──────── Stored data
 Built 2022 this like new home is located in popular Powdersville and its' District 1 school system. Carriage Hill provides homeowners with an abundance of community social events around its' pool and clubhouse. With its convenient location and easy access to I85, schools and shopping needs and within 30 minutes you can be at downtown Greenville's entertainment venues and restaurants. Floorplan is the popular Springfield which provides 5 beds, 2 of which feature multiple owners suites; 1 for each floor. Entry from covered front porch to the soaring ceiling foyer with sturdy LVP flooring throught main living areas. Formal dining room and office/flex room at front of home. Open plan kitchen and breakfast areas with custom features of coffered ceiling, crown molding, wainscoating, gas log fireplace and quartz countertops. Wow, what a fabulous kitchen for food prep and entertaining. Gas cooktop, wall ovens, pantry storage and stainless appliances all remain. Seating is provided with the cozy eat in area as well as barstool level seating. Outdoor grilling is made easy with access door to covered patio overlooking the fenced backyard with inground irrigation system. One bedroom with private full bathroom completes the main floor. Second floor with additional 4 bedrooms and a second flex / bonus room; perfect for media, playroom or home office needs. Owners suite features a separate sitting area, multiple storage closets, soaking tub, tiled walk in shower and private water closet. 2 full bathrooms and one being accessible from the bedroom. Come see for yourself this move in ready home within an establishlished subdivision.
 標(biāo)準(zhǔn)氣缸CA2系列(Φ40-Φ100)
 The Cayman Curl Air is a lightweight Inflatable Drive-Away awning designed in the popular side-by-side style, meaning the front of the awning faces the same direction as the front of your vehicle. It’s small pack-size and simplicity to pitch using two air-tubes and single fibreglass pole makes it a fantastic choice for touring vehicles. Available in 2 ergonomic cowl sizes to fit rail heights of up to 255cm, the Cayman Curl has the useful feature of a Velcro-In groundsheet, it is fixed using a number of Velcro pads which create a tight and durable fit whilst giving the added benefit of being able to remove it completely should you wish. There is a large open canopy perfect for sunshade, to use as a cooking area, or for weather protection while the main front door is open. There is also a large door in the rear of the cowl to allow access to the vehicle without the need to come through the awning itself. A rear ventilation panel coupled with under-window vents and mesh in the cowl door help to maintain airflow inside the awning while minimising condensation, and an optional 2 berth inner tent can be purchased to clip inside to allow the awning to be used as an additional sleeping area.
────────────────
• Task requirements: An exact, complete copy of the data is the only acceptable answer.

• Output for this exercise:
 Built 2022 this like new home is located in popular Powdersville and its' District 1 school system. Carriage Hill provides homeowners with an abundance of community social events around its' pool and clubhouse. With its convenient location and easy access to I85, schools and shopping needs and within 30 minutes you can be at downtown Greenville's entertainment venues and restaurants. Floorplan is the popular Springfield which provides 5 beds, 2 of which feature multiple owners suites; 1 for each floor. Entry from covered front porch to the soaring ceiling foyer with sturdy LVP flooring throught main living areas. Formal dining room and office/flex room at front of home. Open plan kitchen and breakfast areas with custom features of coffered ceiling, crown molding, wainscoating, gas log fireplace and quartz countertops. Wow, what a fabulous kitchen for food prep and entertaining. Gas cooktop, wall ovens, pantry storage and stainless appliances all remain. Seating is provided with the cozy eat in area as well as barstool level seating. Outdoor grilling is made easy with access door to covered patio overlooking the fenced backyard with inground irrigation system. One bedroom with private full bathroom completes the main floor. Second floor with additional 4 bedrooms and a second flex / bonus room; perfect for media, playroom or home office needs. Owners suite features a separate sitting area, multiple storage closets, soaking tub, tiled walk in shower and private water closet. 2 full bathrooms and one being accessible from the bedroom. Come see for yourself this move in ready home within an establishlished subdivision.
 標(biāo)準(zhǔn)氣缸CA2系列(Φ40-Φ100)
 The Cayman Curl Air is a lightweight Inflatable Drive-Away awning designed in the popular side-by-side style, meaning the front of the awning faces the same direction as the front of your vehicle. It’s small pack-size and simplicity to pitch using two air-tubes and single fibreglass pole makes it a fantastic choice for touring vehicles. Available in 2 ergonomic cowl sizes to fit rail heights of up to 255cm, the Cayman Curl has the useful feature of a Velcro-In groundsheet, it is fixed using a number of Velcro pads which create a tight and durable fit whilst giving the added benefit of being able to remove it completely should you wish. There is a large open canopy perfect for sunshade, to use as a cooking area, or for weather protection while the main front door is open. There is also a large door in the rear of the cowl to allow access to the vehicle without the need to come through the awning itself. A rear ventilation panel coupled with under-window vents and mesh in the cowl door help to maintain airflow inside the awning while minimising condensation, and an optional 2 berth inner tent can be purchased to clip inside to allow the awning to be used as an additional sleeping area.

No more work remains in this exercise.